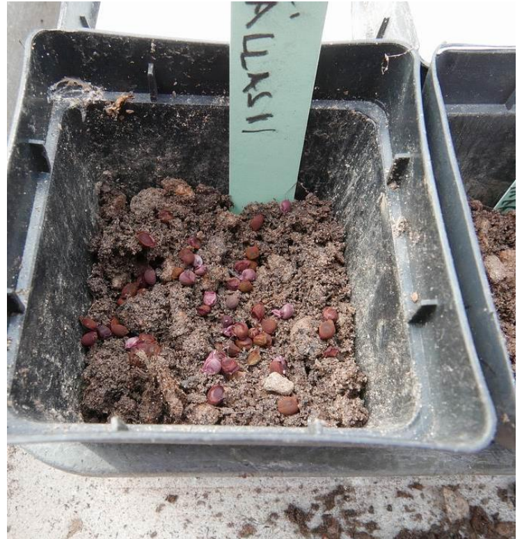
Crocus seed sown deep.

The Crocus seeds are among those that I sow deeply with great success – sowing deeply means that the young corms do not have to make their own way down, allowing them to grow better, especially in the first and second year.
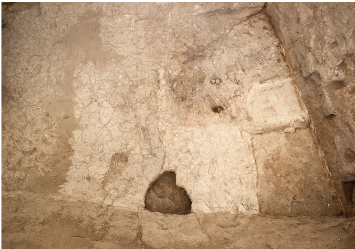
Figure S17.5. South-facing photograph of the west end of B.118 showing post retrieval pit (30612).
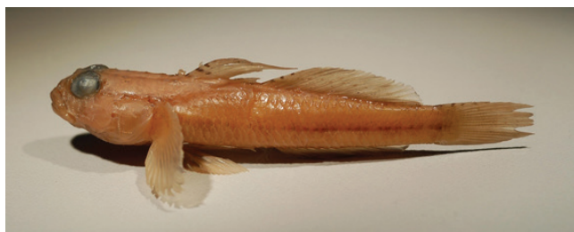
Fig. 9: Gobius roulei , PMR VP4378, male, 47.7+11.1 mm, off St. Paul's Islands, Malta.

Remarks. The present report represents the southernmost record of this species in the central Mediterranean. It is otherwise known from off the south-west coast of Portugal in the Atlantic, along the north Mediterranean coasts, and from Cyprus in the Levant (Liu et al. , 2009).
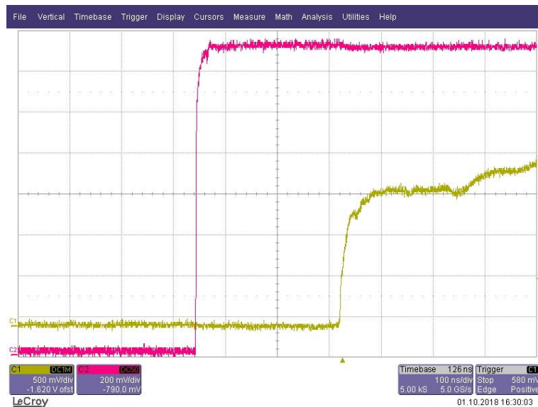
figure 1. 1 PPS measurement

The following figure shows an example of such a measurement.
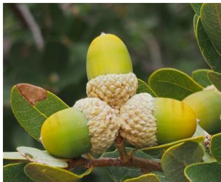
Acorns of Quercus engelmannii , Engelmann Oak. This species is Vulnerable because of its restricted range. Origin California.
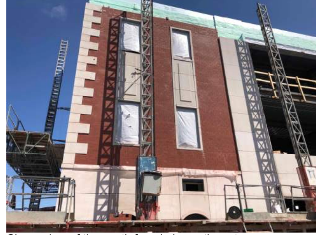
Closer view of the south façade in southwest corner.
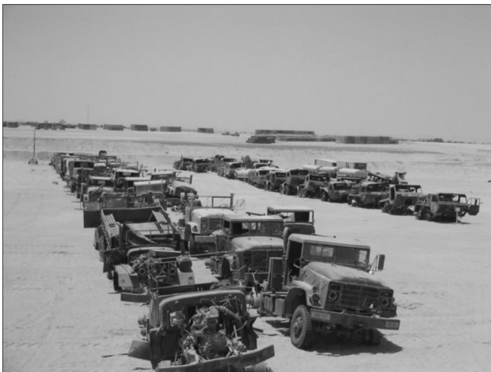
Figure 2: Some Trucks Used in OIF that Need Repair
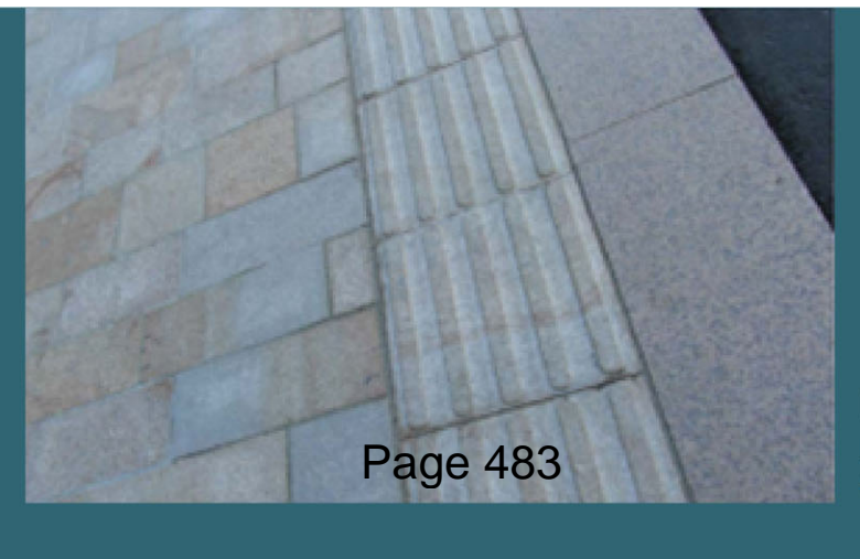
Provide directional tactile markers on key routes throughout the project area
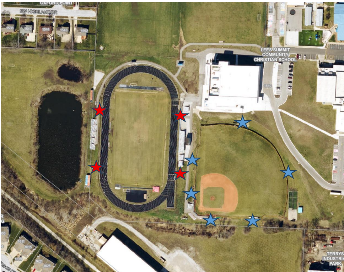
Figure 3 - Area map showing existing (red) and proposed (blue) lights.

The applicant seeks approval of an SUP to allow the continued operation of the existing field lights for a period of 20 years on the subject property. After approval of the original Special Use Permit (Appl. #PL2016-030) the applicant only installed four (4) lights on the football/soccer field. The applicant requests the Special Use Permit to allow the future installation of lights on the baseball field but has no immediate plans to do so at this time.
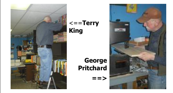
Library Shelves installation

The magazine section now has a more uniform look and nearly all cardboard magazine holders are white. The Model Railroader magazines are either bound or in Model Railroader binders.
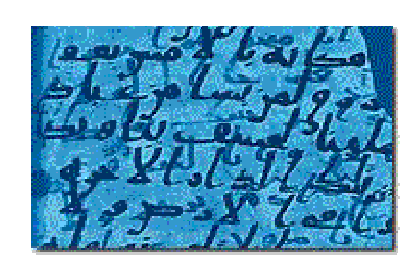
A page from perhaps the world's oldest extant Koran, from before 750 A.D. Ultraviolet light reveals even earlier Koranic writing underneath.
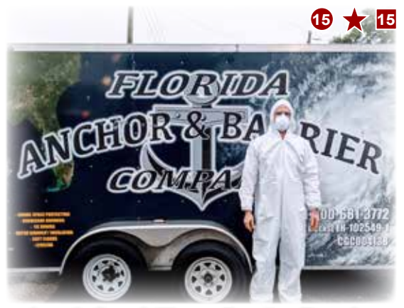
Insulation & Vapor Barrier Repairs Soft Floor Repairs & Laminate Flooring

Wishing you good health and safety, The Florida Anchor & Barrier Team
────────────────
## Exercise aim:
In full and without any pictures, print the listing above exactly.

## Expected answer:
Crocus seed sown deep.

The Crocus seeds are among those that I sow deeply with great success – sowing deeply means that the young corms do not have to make their own way down, allowing them to grow better, especially in the first and second year.
Figure S17.5. South-facing photograph of the west end of B.118 showing post retrieval pit (30612).
Fig. 9: Gobius roulei , PMR VP4378, male, 47.7+11.1 mm, off St. Paul's Islands, Malta.

Remarks. The present report represents the southernmost record of this species in the central Mediterranean. It is otherwise known from off the south-west coast of Portugal in the Atlantic, along the north Mediterranean coasts, and from Cyprus in the Levant (Liu et al. , 2009).
figure 1. 1 PPS measurement

The following figure shows an example of such a measurement.
Acorns of Quercus engelmannii , Engelmann Oak. This species is Vulnerable because of its restricted range. Origin California.
Closer view of the south façade in southwest corner.
Figure 2: Some Trucks Used in OIF that Need Repair
Provide directional tactile markers on key routes throughout the project area
Figure 3 - Area map showing existing (red) and proposed (blue) lights.

The applicant seeks approval of an SUP to allow the continued operation of the existing field lights for a period of 20 years on the subject property. After approval of the original Special Use Permit (Appl. #PL2016-030) the applicant only installed four (4) lights on the football/soccer field. The applicant requests the Special Use Permit to allow the future installation of lights on the baseball field but has no immediate plans to do so at this time.
Library Shelves installation

The magazine section now has a more uniform look and nearly all cardboard magazine holders are white. The Model Railroader magazines are either bound or in Model Railroader binders.
A page from perhaps the world's oldest extant Koran, from before 750 A.D. Ultraviolet light reveals even earlier Koranic writing underneath.
Insulation & Vapor Barrier Repairs Soft Floor Repairs & Laminate Flooring

Wishing you good health and safety, The Florida Anchor & Barrier Team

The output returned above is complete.